- 1950 Gilt-Edge release

Single by Arkie Shibley and His Mountain Dew Boys
- Released: November 1950
- Genre: Western swing
- Label: Gilt-Edge
- Songwriter: George Wilson (credited)

= Hot Rod Race =

"Hot Rod Race" is a Western swing song about a fictional street race between hot rod customized cars in California, first recorded by Arkie Shibley, and released in November 1950. The comical lyrics relate a night-time race between a custom Ford and a Mercury, from the perspective of the Ford's driver. The race begins outside San Pedro and the drivers race through many towns, evading the police, before both cars are finally overtaken by a faster driver, "a kid in a hopped-up Model A".

With its hard driving boogie woogie beat and talking blues vocals, "Hot Rod Race" is sometimes named as one of the first rock and roll songs. It also broke new ground in tapping into hot rod and street racing culture, their terminology and slang. Its popularity inspired a series of hot rod songs and fast car songs from other artists and genres recorded for the car culture of the 1950s and 60s.

==History==
The writing of the song was credited to George Wilson, but some sources suggest that it was in fact the work of George's 17-year-old son, Ron Wilson. George Wilson took the song to Shibley, who in turn took it to Bill McCall, owner of 4 Star Records in Pasadena, California. After McCall turned it down, Shibley recorded and released it on his own Mountain Dew label, but after it started to become popular McCall reconsidered and reissued the recording on the 4 Star subsidiary label, Gilt-Edge. Released as Gilt-Edge 5021, and credited to Arkie Shibley and His Mountain Dew Boys, it became a national hit, staying on the charts for seven weeks, peaking at number five in 1951. More polished cover versions were soon recorded on major labels by Ramblin' Jimmie Dolan (Capitol), Red Foley (Decca), and Tiny Hill (Mercury). Hill's version reached number seven on the Country chart and number 29 on the pop chart.

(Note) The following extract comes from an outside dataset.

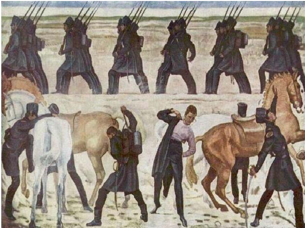
Abb. 7: „Der Auszug deutscher Studenten in den Freiheitskrieg 1813“, Gemälde von Ferdinand Hodler in der Aula der Universität Jena (1909)

Die kulturhistorische Tradition der Archäologie war nicht auf Deutschland beschränkt. Hier erfuhr sie durch Kossinna jedoch eine extrem nationalistische Ausprägung. Im Verlauf von Kossinnas Arbeit lässt sich erkennen, dass mit der Erforschung von Siedlungsgebieten auch aktuelle Gebietsansprüche verbunden waren. Begünstigt durch die konservative Entwicklung des Kaiserreichs (Langewiesche 2000, 209ff.) wurden das ethnische und nationalistische Denken gestärkt und Traditionslinien konstruiert von den Deutschen über die Germanen bis in die Steinzeit hinein: „Die Welle der nationalen Begeisterung nach der Gründung des Deutschen Kaiserreiches und die davon ausgelöste Besinnung auf nationale Wurzeln begünstigte“ die Vorstellung von der „Einheit von Volk, Territorium, Sprache und Kultur“ einer Nation (Grünert 2002, 71). So postulierte Kossinna, die „Deutsche Archäologie“ sei „eine hervorragend nationale Wissenschaft“ – so der Titel seiner im Jahr 1912 erschienenen Schrift (Kossinna 1912). Es war die Zeit der geistigen Mobilmachung vor dem ersten Weltkrieg (Flasch 2000) wie sie auch in der Instrumentalisierung der sogenannten Befreiungskriege für den deutschen Nationalismus sichtbar wird; Beispiele sind neben dem Leipziger

Shibley's record may have climbed higher and outpaced any of the others, but his second verse opened up with:

Now along about the middle of the night
We were ripping along like white folks might.

Eastern radio stations, never a fan of Western swing anyway, refused to play it. Dolan changed the verse to say "plain folks"; Hill to "rich folks"; and Foley to "poor folks".

==Legacy==
"Hot Rod Race" prompted the even more successful answer song "Hot Rod Lincoln", a hit for Charlie Ryan (recorded 1955 and 1959, charted 1960, No. 33 pop), Johnny Bond (1960, No. 26 pop) and Commander Cody (1972, No. 9 pop). Shibley's record also directly influenced Chuck Berry's "Maybellene", Gene Vincent's "Race With The Devil", and the succession of hot rod records by the Beach Boys and others in the early 1960s.